Kepala BBPKH Cinagara, Inneke Kusumawaty mengatakan capaian tersebut sejalan dengan peran BBPKH Cinagara sebagai Unit Pelaksana Teknis (UPT) dari Kementerian Pertanian RI (Kementan) khususnya Badan Penyuluhan dan Pengembangan SDM Pertanian (BPPSDMP) bagi penguatan SDM pertanian yang kompeten, profesional, dan berdaya saing melalui pendekatan pelatihan berbasis praktik dan kewirausahaan.

Menteri Pertanian RI (Mentan) Andi Amran Sulaiman menegaskan bahwa jaminan mutu dan keamanan produk asal hewan merupakan fondasi penting membangun kepercayaan masyarakat sekaligus meningkatkan daya saing sektor peternakan nasional.

“Standar mutu seperti NKV harus menjadi perhatian utama. Produk yang aman, sehat, utuh dan halal adalah kunci untuk memperkuat daya saing, baik di pasar domestik maupun global,” tegasnya.

Sejalan dengan itu, Kepala BPPSDMP Kementan, Idha Widi Arsanti menyampaikan bahwa penguatan inkubator agribisnis berbasis Teaching Factory (TeFa) menjadi strategi penting mencetak SDM yang terampil juga memahami standar mutu industri.

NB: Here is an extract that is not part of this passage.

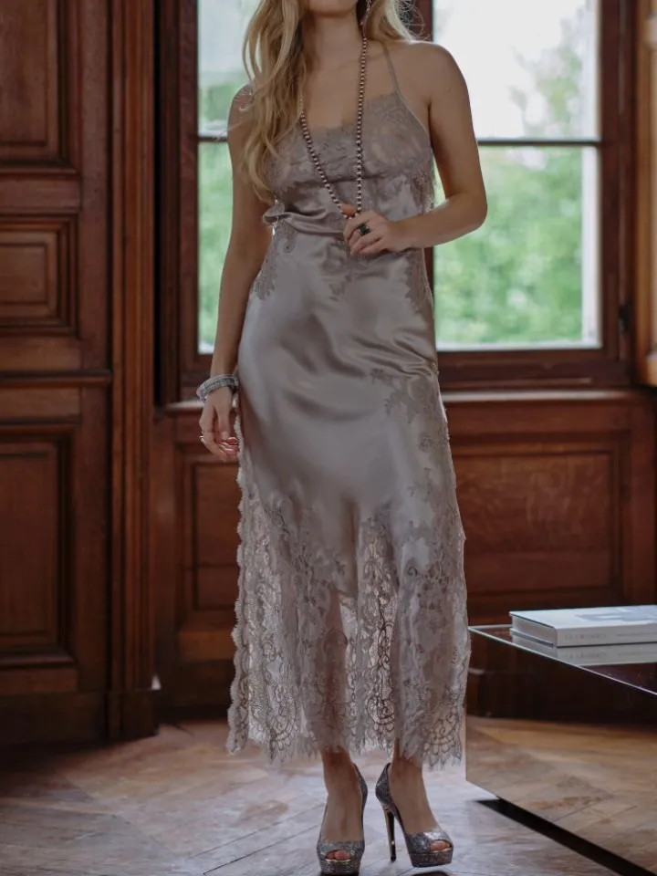 Dieses lange Seidennachthemd hat einen üppigen Besatz mit feiner Blumenspitze am Decolleté und am Saum. Es ist ca. 140 cm lang und wird in den Größen 36 bis 42 angeboten (deutsche Damengrößen). Bei uns ist dieses Neglige in einem schönen Kieselgrau erhältlich. Da dieses Neglige zu einer modischen Kollektion von Marjolaine und deswegen sind ausverkaufte Größen leider nicht nachbestellbar.

“Melalui inkubator agribisnis, proses pembelajaran tidak hanya teori, tetapi praktik nyata yang mengacu pada standar industri. Sertifikasi seperti NKV menjadi bukti bahwa lulusan pelatihan kita siap bersaing dan mampu memenuhi tuntutan kualitas di lapangan,” ujarnya.

BBPKH Cinagara

Kepala BBPKH Cinagara, Inneke Kusumawaty mengatakan pengelolaan Inkubator Agribisnis (PIA) BBPKH Cinagara merupakan bagian integral dari fungsi pelatihan.

"Dirancang sebagai sarana pembelajaran kewirausahaan, klinik konsultasi agribisnis, wadah pembinaan dan pendampingan bagi peserta pelatihan, tenant, dan masyarakat mengembangkan usaha agribisnis yang mandiri dan berkelanjutan," katanya.

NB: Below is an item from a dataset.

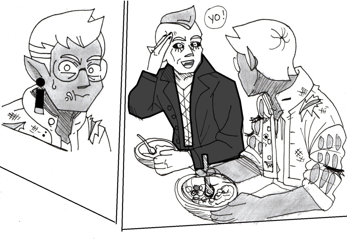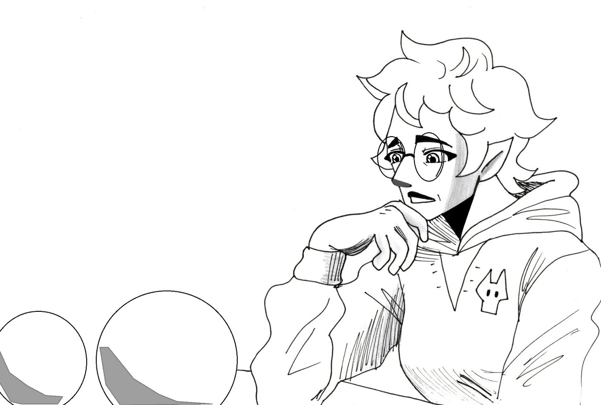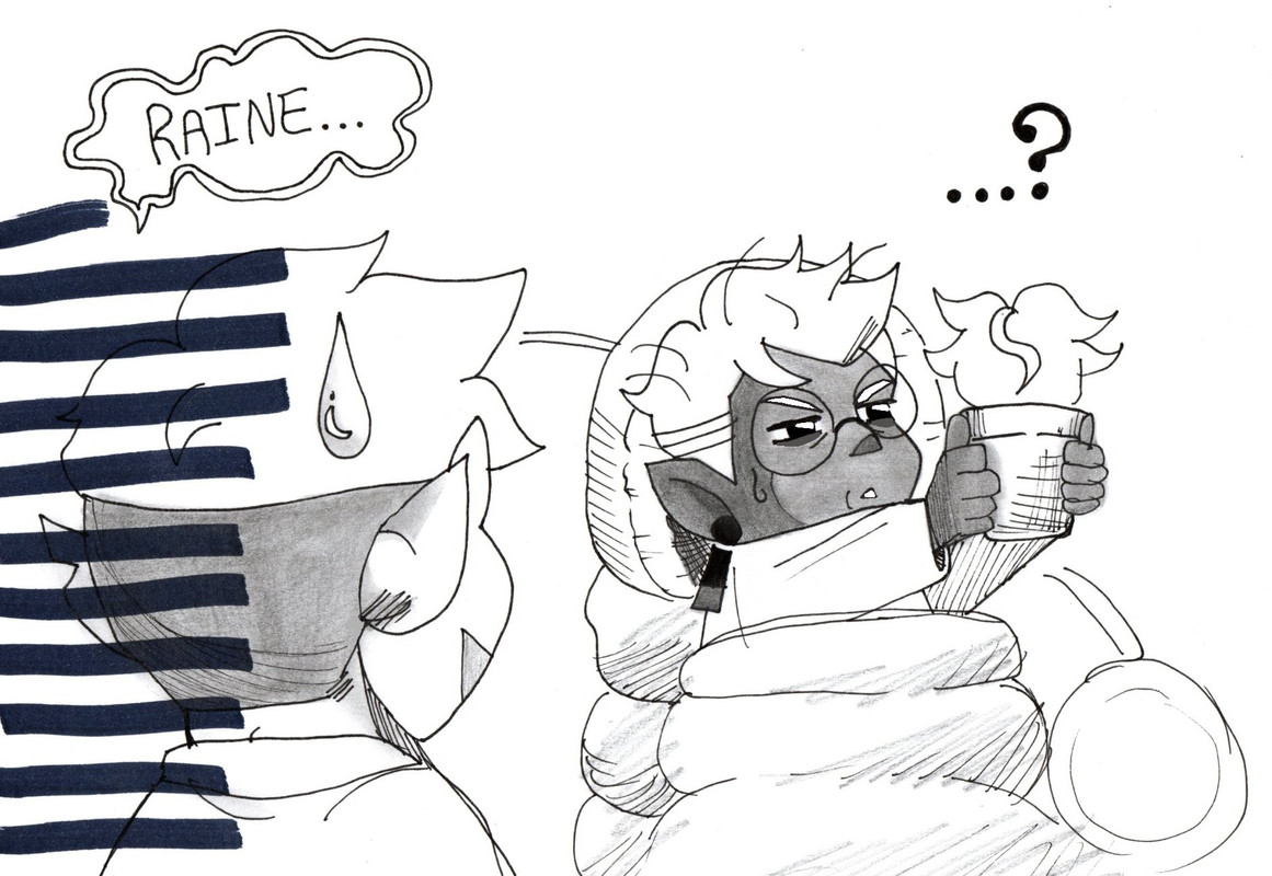 “Hmm, I guess that could work…,” Raine grumbles, their arms crossed resting on the tabletop and staring down at their cup.

Melalui pendekatan tersebut, ungkap Inneke Kusumawaty, proses pembelajaran diperkuat praktik langsung berbasis unit usaha nyata (TeFa) sehingga mampu menghasilkan lulusan yang siap terjun ke dunia usaha dan industri.

"Tiga unit usaha yang memperoleh sertifikat NKV adalah Unit Budidaya Ternak Perah, Unit Pengolahan Susu dan Unit Rumah Potong Hewan Unggas (RPHU)," katanya.

Sertifikat ini menjadi bukti bahwa unit usaha telah memenuhi persyaratan higienis, sanitasi dan standar Kesehatan Masyarakat Veteriner (Kesmavet) sesuai ketentuan yang berlaku.

Berdasarkan hasil pemeriksaan dan penilaian oleh Otoritas Veteriner Provinsi Jawa Barat, Unit Budidaya Ternak Perah dan Unit Pengolahan Susu memperoleh predikat Tingkat II (Baik), sedangkan Unit Rumah Potong Hewan Unggas mendapatkan predikat Tingkat III (Cukup). 

Prinsip ASUH

Capaian ini mencerminkan keseriusan BBPKH Cinagara dalam memastikan bahwa setiap proses produksi berjalan sesuai prinsip Aman, Sehat, Utuh, dan Halal (ASUH).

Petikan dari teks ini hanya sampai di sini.